È l’unico brand che parte dal filo e arriva al capo di vestiario. Un casa della moda che lascia traspirare da ogni filo la sua storia: eccentrica e unica quando plasmata dal fondatore Ottavio Missoni (che era l’artista di casa) e decisa e vincente dove determinata dalla fondatrice e moglie Rosita Missoni (la stilista di casa).
L’occasione che ha spalancato le porte della maison sumiraghese, celebrata e conosciuta in tutto il mondo, è stata la presentazione dei risultati dell’osservatorio AUB (Bocconi, Aidaf, Unicredit) sulle aziende famigliari italiane.
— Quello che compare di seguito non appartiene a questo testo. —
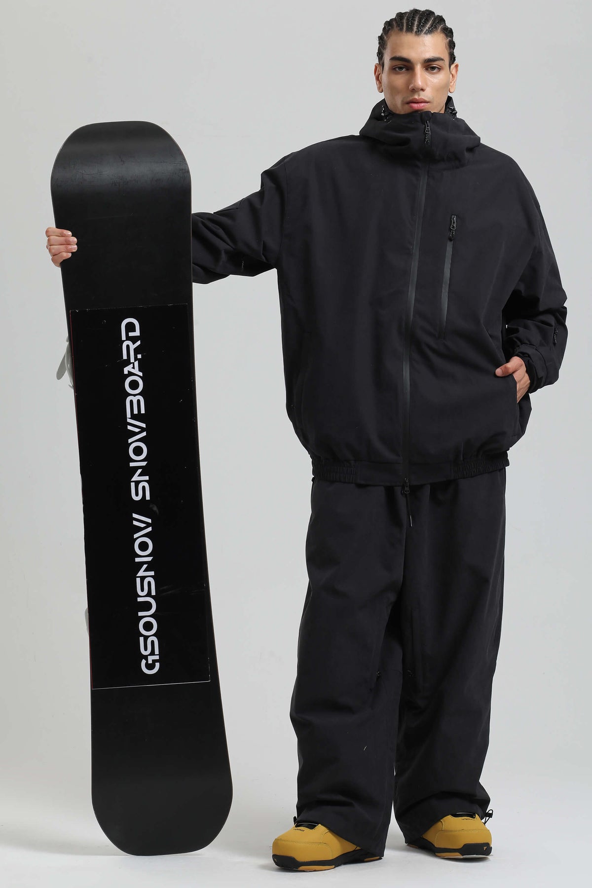 Designed for snowy pursuits, this minimalist jacket features a 20K waterproof, 15K breathable shell with DWR finish and taped zippers. Details like a fleece-lined collar, underarm vents, and adjustable hood offer comfort in motion. Multiple hidden and sleeve pockets keep gear secure, while a stretch powder skirt and thumbhole cuffs seal out snow.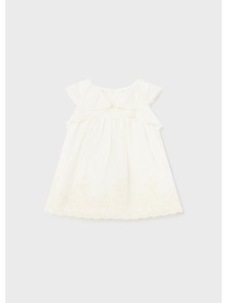 Delikatna sukieneczka dla najmłodszych ozdobiona pięknych haftowanymi kwiatami. Odcinana pod biustem z rękawkiem w formie tiulowej falbanki. Zapinana z tyłu na guziki.

E quale miglior profilo della Missoni, saldamente nelle mani dell’azionariato di famiglia ma anche esempio di una conduzione che con esse è sempre stata profondamente intessuta e legata?
La ricerca presentata ha analizzato 746 realtà imprenditoriali italiane, appartenenti al settore moda e con un giro d’affari superiore ai 20 milioni di euro, per un totale di 52,6 miliardi di euro e una forza lavoro che si aggira sui 200mila dipendenti.
La fotografia che ne esce, per quel che può interessare la casa di moda dei Missoni, è che la loro situazione rispecchia in pieno alcuni dei tratti tipici osservati. Il 78% sono famigliari. Si tratta di imprese relativamente piccole ma che hanno vita lunga, crescono meno e non fanno acquisizioni ma vanno alla grande e producono risultati migliori.
Un identikit che rispecchia tutta la tradizione con la quale viene portata avanti la guida dell’eccellenza varesina che ha sempre avuto come baluardo il fare impresa ma è sempre stata capace di guardare sia al prodotto così come al territorio, ai valori e alla qualità della vita. «Basti pensare che la nostra azienda si trova qui a Sumirago – ha raccontato Angela Missoni -, perché mio padre ha voluto realizzarla nel luogo dove trascorreva i week end: in campagna».
L’impianto aziendale è stato costruito a fine anni 60, la prima produzione intera è arrivata nell’inverno del ‘70. «Quando abbiamo aggiunto il padiglione della tessitura – ha proseguito nel racconto Angela Missoni – è stato costruito separatamente al nucleo originario perché non si voleva rovinare il giardino».
Particolari che raccontano molto della peculiarità di conduzione di questa impresa che, però, fin da subito ha attirato attenzioni da ogni dove: «all’inizio degli anni 70 abbiamo codificato uno stile che gli americani chiamavano “put togheter” – ha raccontato Rosita Missoni – e da allora col tessuto abbiamo fatto tutto e sperimentato di tutto».
A fare da “ciceroni” in questa giornata particolare è scesa in campo la famiglia al completo. A guidare uno dei gruppi con la stampa è stato uno dei più giovani del board Missoni: Giacomo. Anche lui ora impegnato all’interno dell’azienda di famiglia e riavvicinatosi alla fabbrica, dove era cresciuto insieme ai nonni, dopo la scomparsa prematura del padre.
È stato lui a guidare le truppe tra i telai, i grandi rotoli di filo colorato, i ritagli e il laboratorio del cucito. In un’affascinante macchina che ha tutto il sapore della produzione di una volta, lo spessore di una storia importante e le innovazioni continue che lo mantengono saldamente sul mercato.